━━━ Data section ━━━
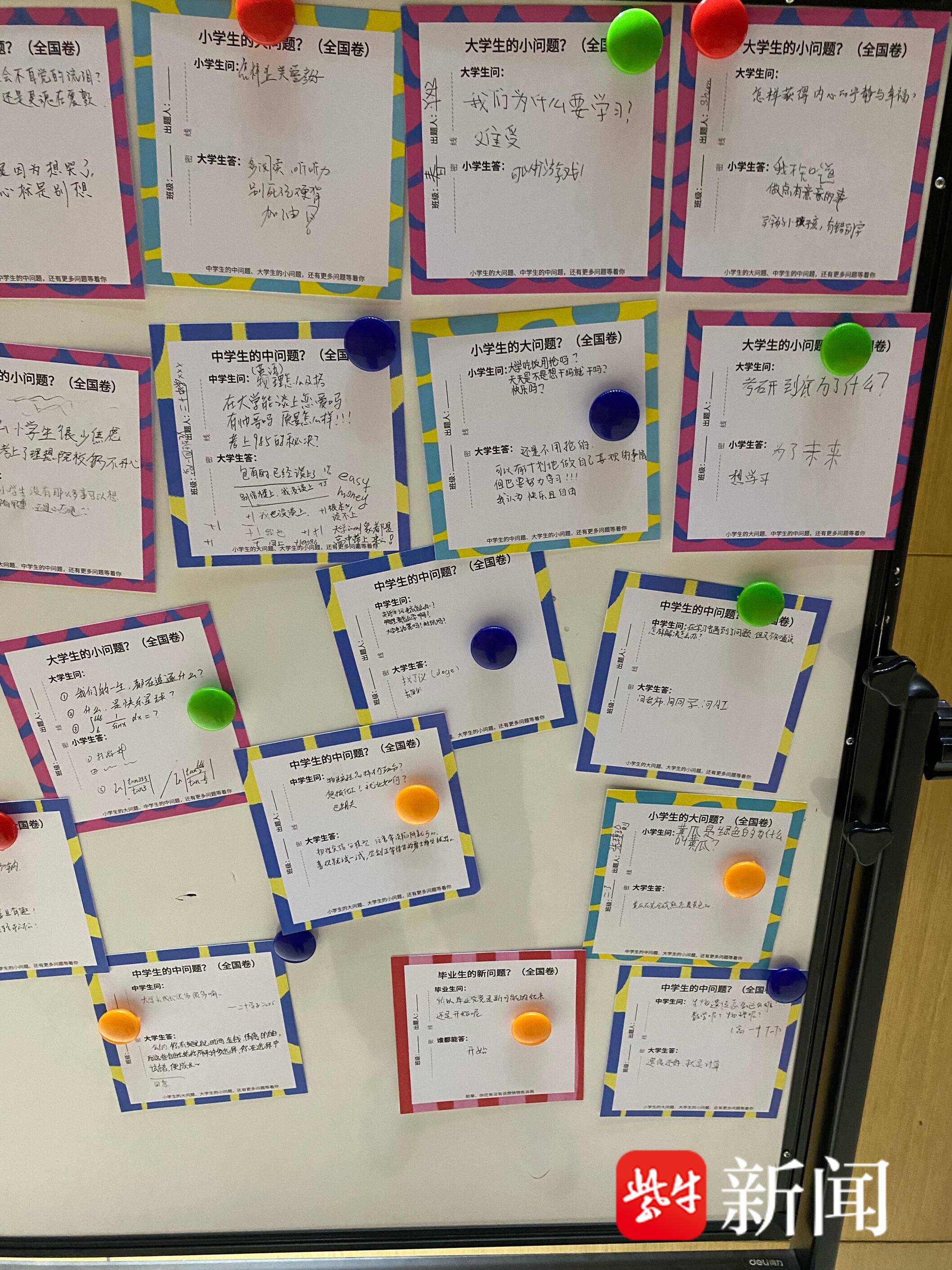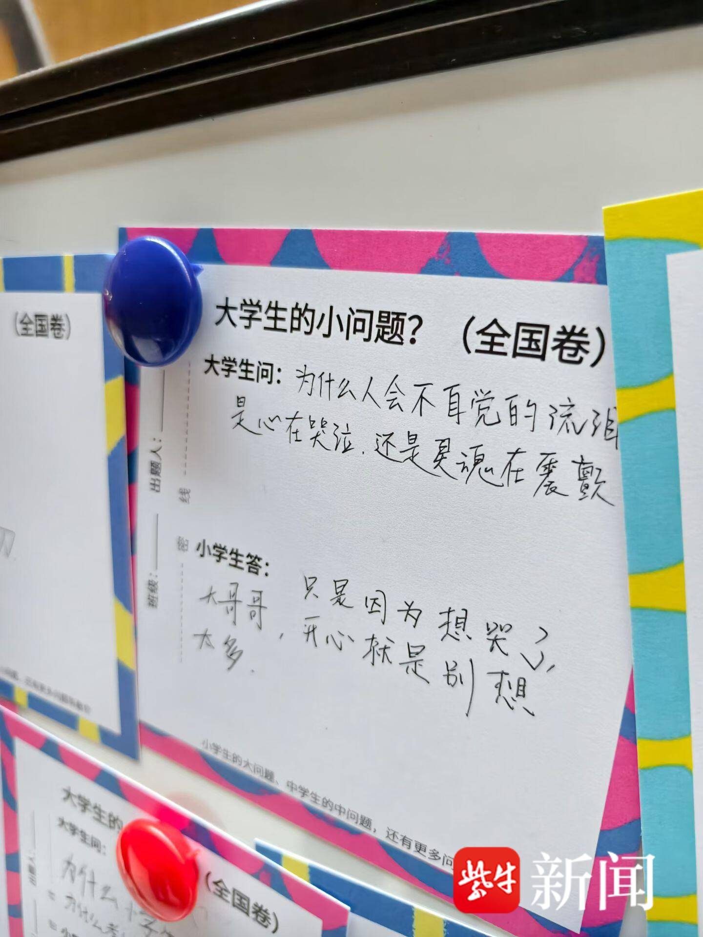 这么有趣的活动,到底是怎么想出来的?带着疑问,扬子晚报/紫牛新闻记者采访了天津大学图书馆负责阅读推广的车老师。她坦言,一开始完全没预料到这块留言板会火得一塌糊涂。最初的策划极其朴素:学校在4月4日至11日海棠季面向市民开放。图书馆是大学的心脏,同时也兼具服务社会的责任,当市民怀揣向往和好奇来到这里,就让这颗心脏向社会搏动,让小学生的视界和大学生的视界有一个轻松的交汇点。车老师觉得,在这个快节奏的流量时代,真正能打动人心的,永远是真挚纯粹的情感流动。三十岁的人可以给二十岁的人建议,二十岁的大学生同样能从十岁孩子那里获得力量。生命不同阶段的人在这里互相观照,本身就是一种极好的治愈力量。现场的氛围也印证了这一点。据车老师回忆,开放日期间,成群的中小学生围在留言板前凝神品读,趴在板子上认真思索怎么开导大哥哥大姐姐,还一笔一画写下满肚子的好奇,追问着令他们满心向往的大学生活究竟是什么模样。等游客散去,大学生们便接管了阵地,他们干脆蹲在地上,就着孩子们留下的只言片语,兴致勃勃地继续往下写。
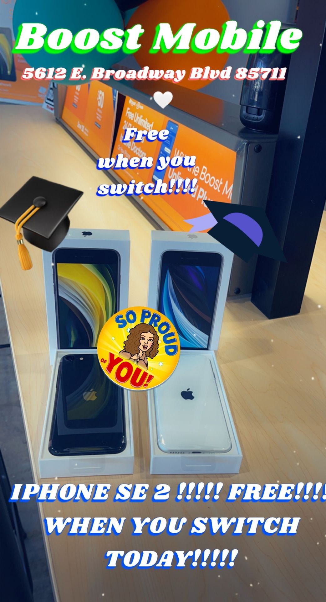 Congratulations to All the graduates 🎓 of 2021-2022!!!! Boost Mobile wants to take care of you all and your families with saving some big money this graduation season!!!! But still get y’all looking great and staying in style with the new IPhone SE 2 for !!!!!Free!!!!! right now when you switch from your current phone carrier and stepping into the best prepaid services out there with no extra hidden fees every month! Boost Mobile on Broadway and craycroft hurry in so we can get you all setup
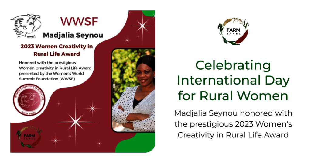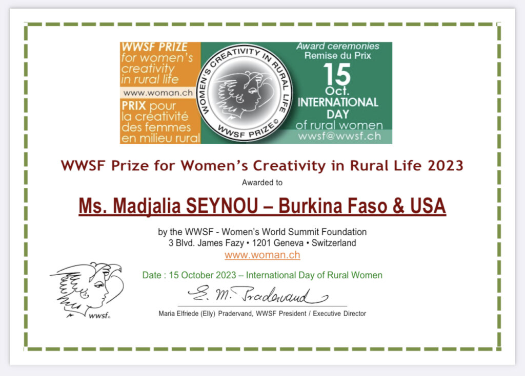 We are overjoyed to share the outstanding news that Madjalia Seynou, our esteemed Executive Director, has been honored with the prestigious 2023 Women Creativity in Rural Life Award by the Women’s World Summit Foundation (WWSF) in Switzerland. This remarkable recognition underscores Madjalia's extraordinary leadership and her relentless commitment to the cause of sustainable rural development.
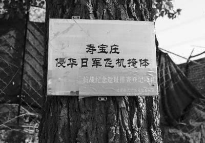 在建筑南侧一棵杨树上,钉着一块不锈钢文保牌,上刻“寿宝庄侵华日军飞机掩体”,还贴着一张红纸,上书“抗战纪念遗址排查登记项目”。这是大兴区文化委员会2015年4月10日制作的。
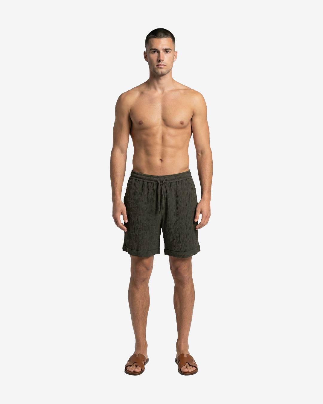 The Apollon Short in khaki is crafted from breathable textured rayon linen fabric for all-day comfort. Designed with a relaxed medium length fit, it features an elastic waistband with adjustable tie, folded hem detailing, and functional side and back pockets, making it a versatile wardrobe essential for casual and weekend wear in men’s shorts bali.
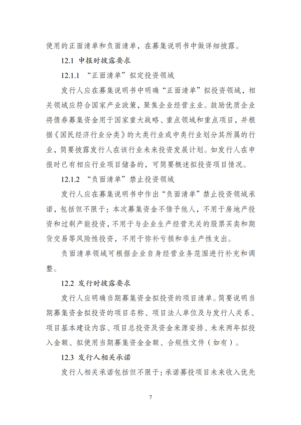 (二)申報材料應明確債券募集資金禁止投向領域,形成“負面清單”。“負面清單”包括但不限于:將募集資金借予他人,用于房地產投資和過剩產能投資,用于與企業生產經營無關的股票買賣和期貨交易等風險性投資,用于彌補虧損和非生產性支出。“負面清單”領域可根據企業自身經營業務范圍進行補充和調整。
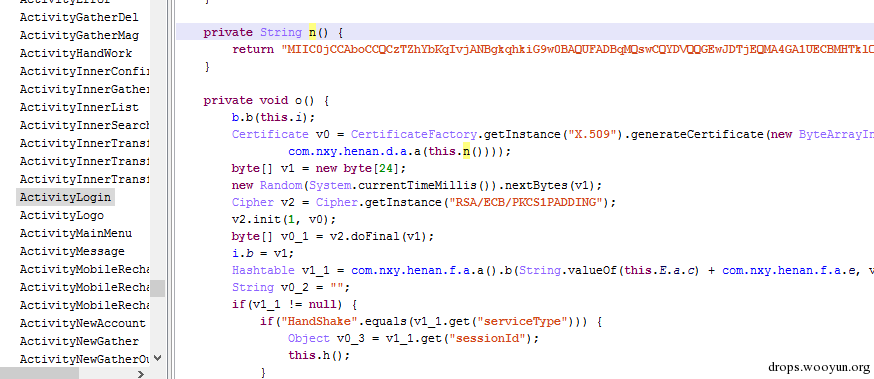 本文的起因源于对一个手机银行APP的分析。该APP使用了HTML进行数据传输,并使用了RSA和DES算法对数据加密。首先在本机利用时间戳随机生成一个用于DES加密的秘钥,然后在与服务器握手时用RSA算法(函数n返回的就是公钥)对DES秘钥加密后发送给服务器。
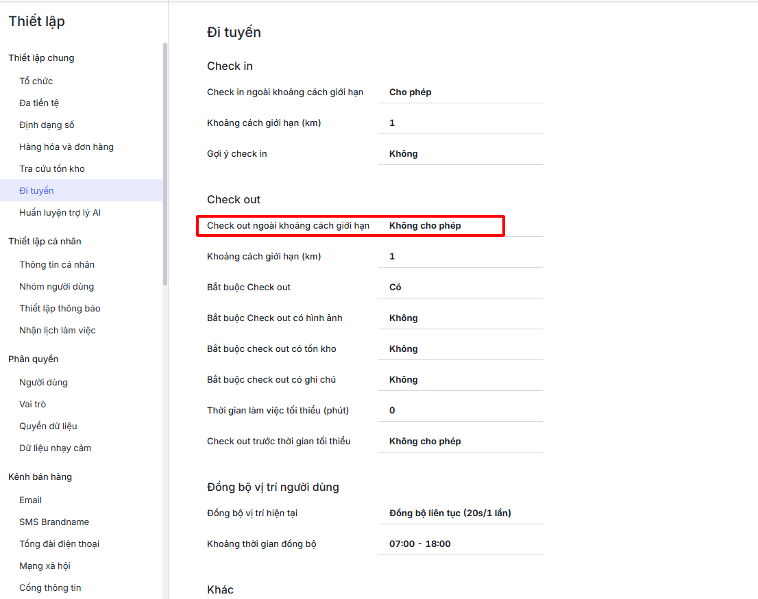 - (Chức năng chỉ hiển thị ở Hoạt động đi tuyến không có thời gian check out và đã thiết lập Check out ngoài khoảng cách giới hạn là Không cho phép)
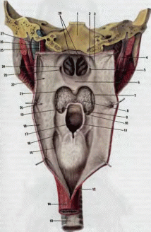 ха;7-хоана;8-трубно-небнаяскладка;9-глото•rноеустьеслуховойтрубы:10-носоглоточная(глоточная)миндалина;11-глоточныйкuрман;12-трубныйвалик;13-дужкаатланта(1шейногопозвонка);14-носоглотки;15-трубно-глоточнаяскладка;16-язычокмягкогонеба;17-небно-язычковаяскладка(передняянебная);18-небнаяминдалина:19-небно-глоточная(задняянебная)дужка;20-ротоглотка;21-надгортанник;22-гортаноглотка;23-перстневидныйхрящ;24-пищевод;25-трахея;26-щитовидныйхрящ(областьуглаадамоваяблока);27-полостьгортани;28-телоподъязычнойкости;29-челюстно-подъязычнаямыщuа;30-подбородачноподъязычнаямыщuа;31-подбородочна-язычнаямыщuа;32-преддвериерта;33-полостьрта;34-нижняяносоваяраковина;35-средняяносоваярnковина;36-лобнаяпазуха.
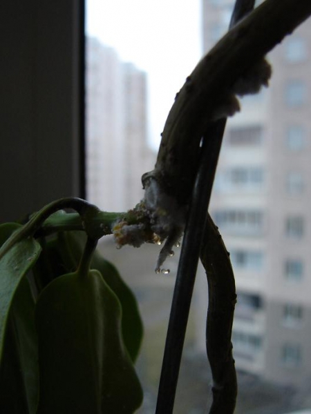 Я так до умопомрачения травила свои орхи, а червец все лезет и лезет. Обнаружила червеца в коре, потому полила и её Моспиланом.
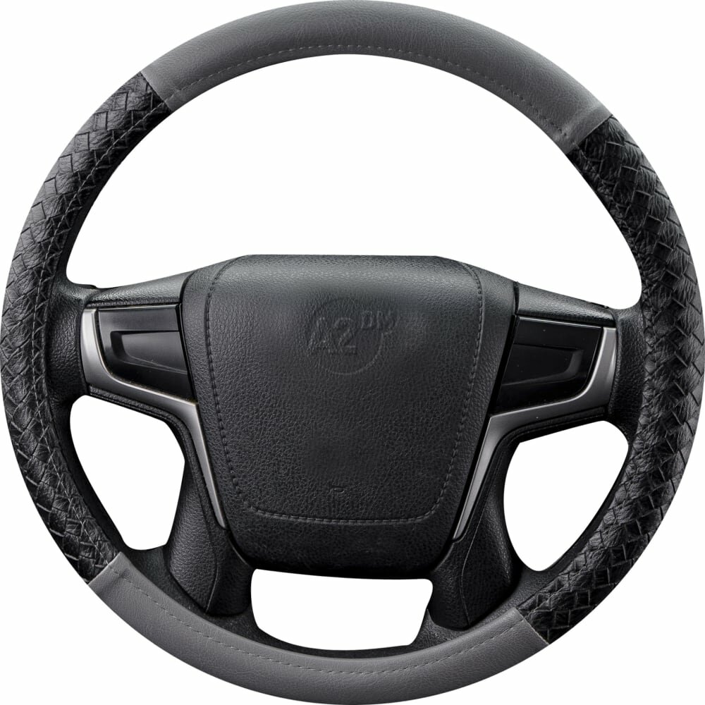 Оплетка на руль 37-39, A2DM из экокожи, косичка черная / гладкая серая
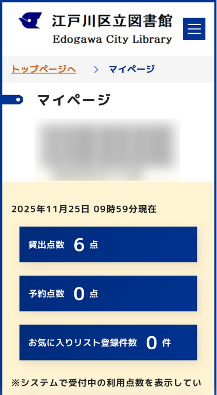 スマホで江戸川区立図書館のサイト(https://www.library.city.edogawa.tokyo.jp/toshow/index.php)にログインすると次のような画面が出てきます。バーコードが表示され、それを使って受付や無人貸出機で本を借りたり登録制の席を利用したりできます。
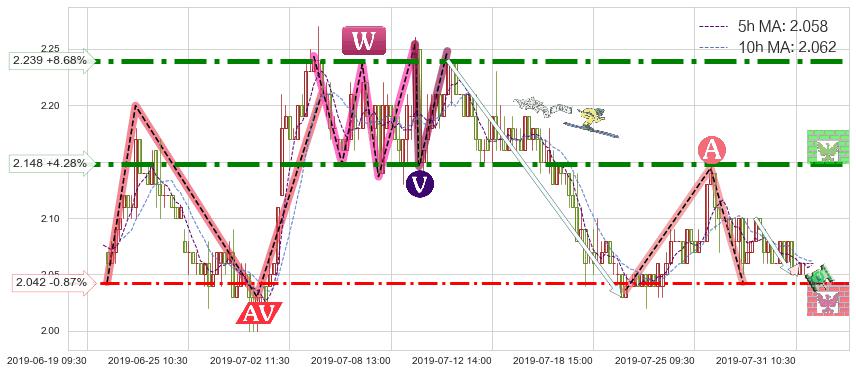 ♘ 阻力价格位2.148,可信任强度93.98%,距离最后交易2019-07-31 15:00形成的收盘价格2.060相差 +4.28%
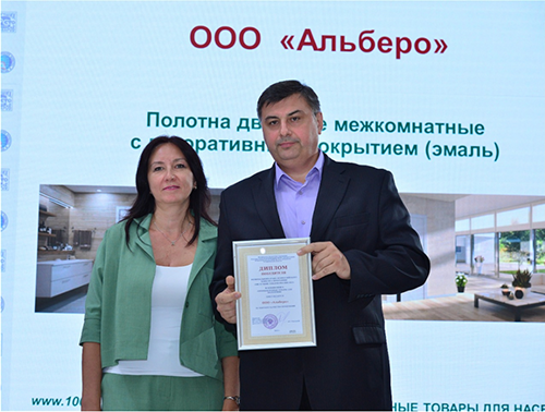 Продукция, получившая признание «100 лучших товаров России», — это гарантия высокого качества, безопасности и надежности для граждан. Это очередное подтверждение безусловного успеха и лидерства фабрики Альберо на рынке межкомнатных дверей.
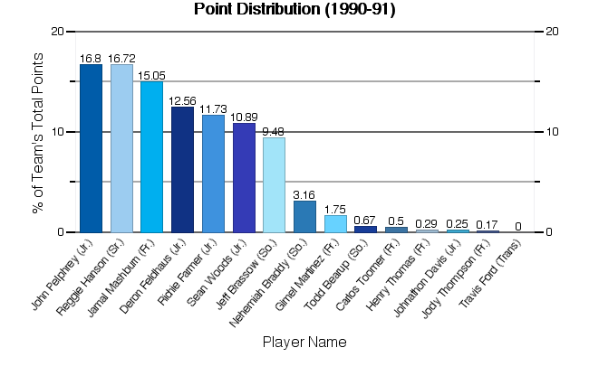 | John Pelphrey | 28 | 890 | 131 | 303 | 43.23 | 62 | 164 | 37.8 | 80 | 102 | 78.43 | 145 | 86 | 43 | 9 | 89 | 80 | 404 | 14.43 |
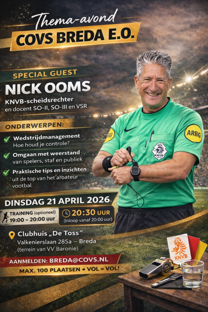 Met Nick Ooms – KNVB-scheidsrechter en docent SO-II, SO-III & VSR. Thema’s: Wedstrijdmanagement, omgaan met weerstand ; praktische tips en inzichten. Mis het niet!
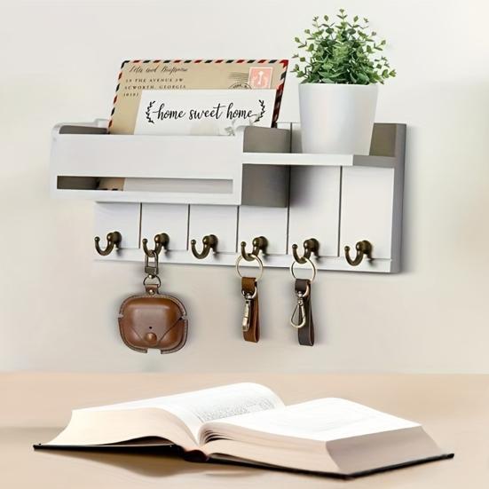 Multifunctional Wall-Mounted Storage: Equipped with multiple sturdy hooks for keys and pendants, this rack also includes an open shelf perfect for displaying potted plants or storing small sundries. This versatile design maximizes organization while enhancing the aesthetic appeal of your wall space.
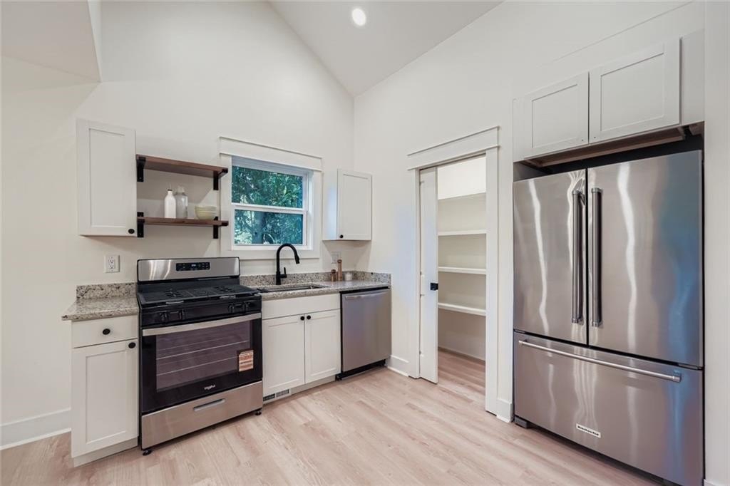 Just renovated top to bottom 3 bedroom 2 bathroom modern craftsman. Vaulted ceilings in every room. Everything is new - windows and doors, appliances, washer dryer, systems (HVAC, plumbing, electrical), granite countertops, white shake cabinetry throughout. Large front deck perfect for admiring the two gorgeous oak trees that shade the park-like front yard. Large back deck perfect for grilling out and overlooking an expansive backyard ready for a fit pit or kids playset. There is a separate 250 sf flex space in the basement that would make a great place for a private office or artists studio. This home is on a quiet tree-lined dead end street but close to exciting new developments and all the restaurants and entertainment the Westside of Atlanta has to offer.
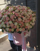 Вишукана композиція з кущових троянд у пудрових відтінках — від молочно-білих до кремово-рожевих і бежевих. М’яка палітра створює ефект легкої вуалі, що виглядає дорого, гармонійно й дуже ніжно. Такий формат — універсальний подарунок для ювілею, весілля, дня народження або як знак подяки.
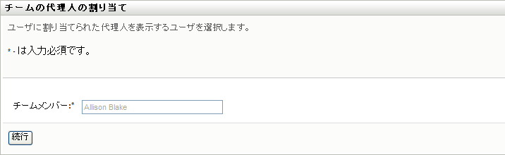 このチームメンバーに関する委任割り当てがすでに存在している場合は、その情報が表示されます。
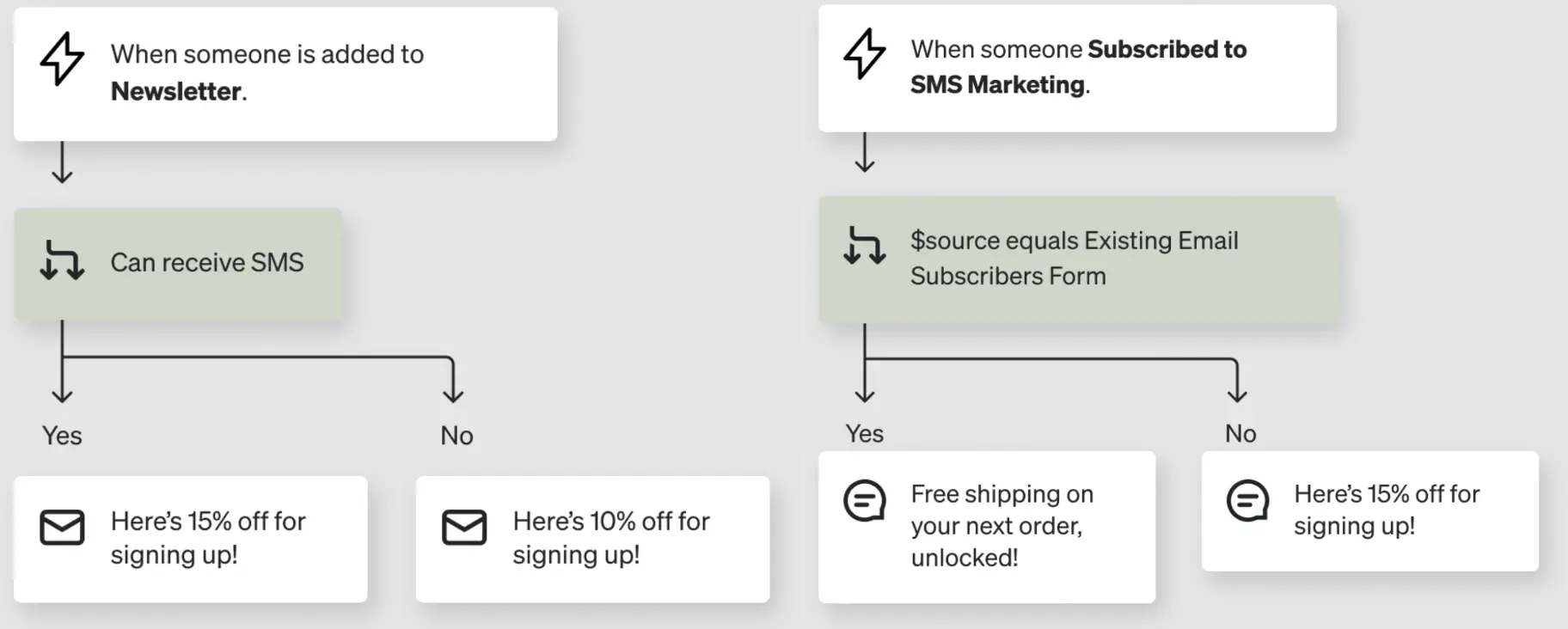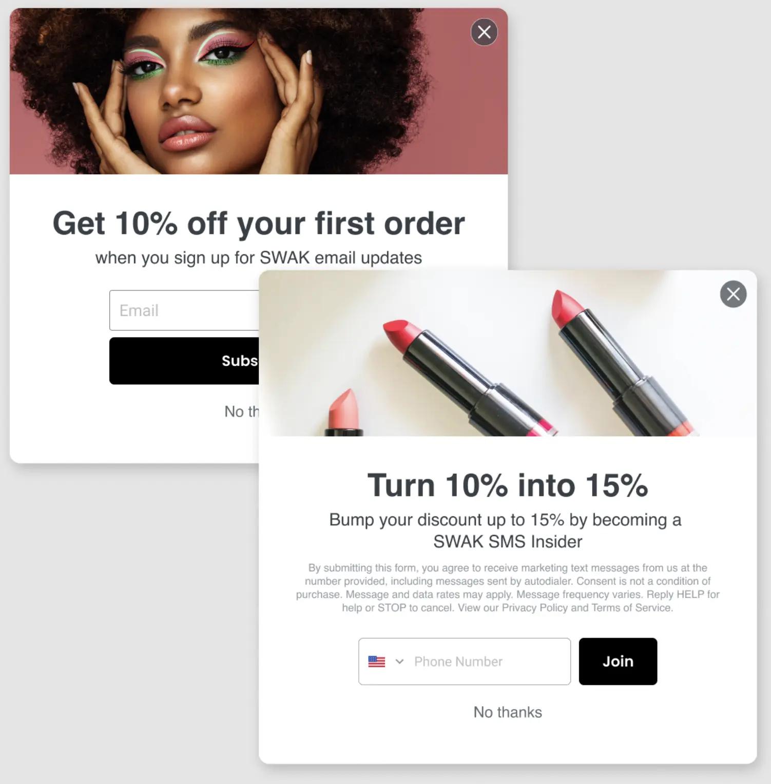 We recommend using a layered sign-up incentive to collect email and SMS consent. For example, offer 10% off for email sign-ups and an additional 5% off for SMS consent. This supports the idea that SMS is optional, but positions the channel as more valuable than email. We’ll cover how to deliver these stacked incentives later in the flows section of this guide.
━━━
Task goal — Output only the lines running from the one containing "このチームメンバーに関する委" to the end of the records, inclusive and exact; skip the pictures.

Response below —
 このチームメンバーに関する委任割り当てがすでに存在している場合は、その情報が表示されます。
 We recommend using a layered sign-up incentive to collect email and SMS consent. For example, offer 10% off for email sign-ups and an additional 5% off for SMS consent. This supports the idea that SMS is optional, but positions the channel as more valuable than email. We’ll cover how to deliver these stacked incentives later in the flows section of this guide.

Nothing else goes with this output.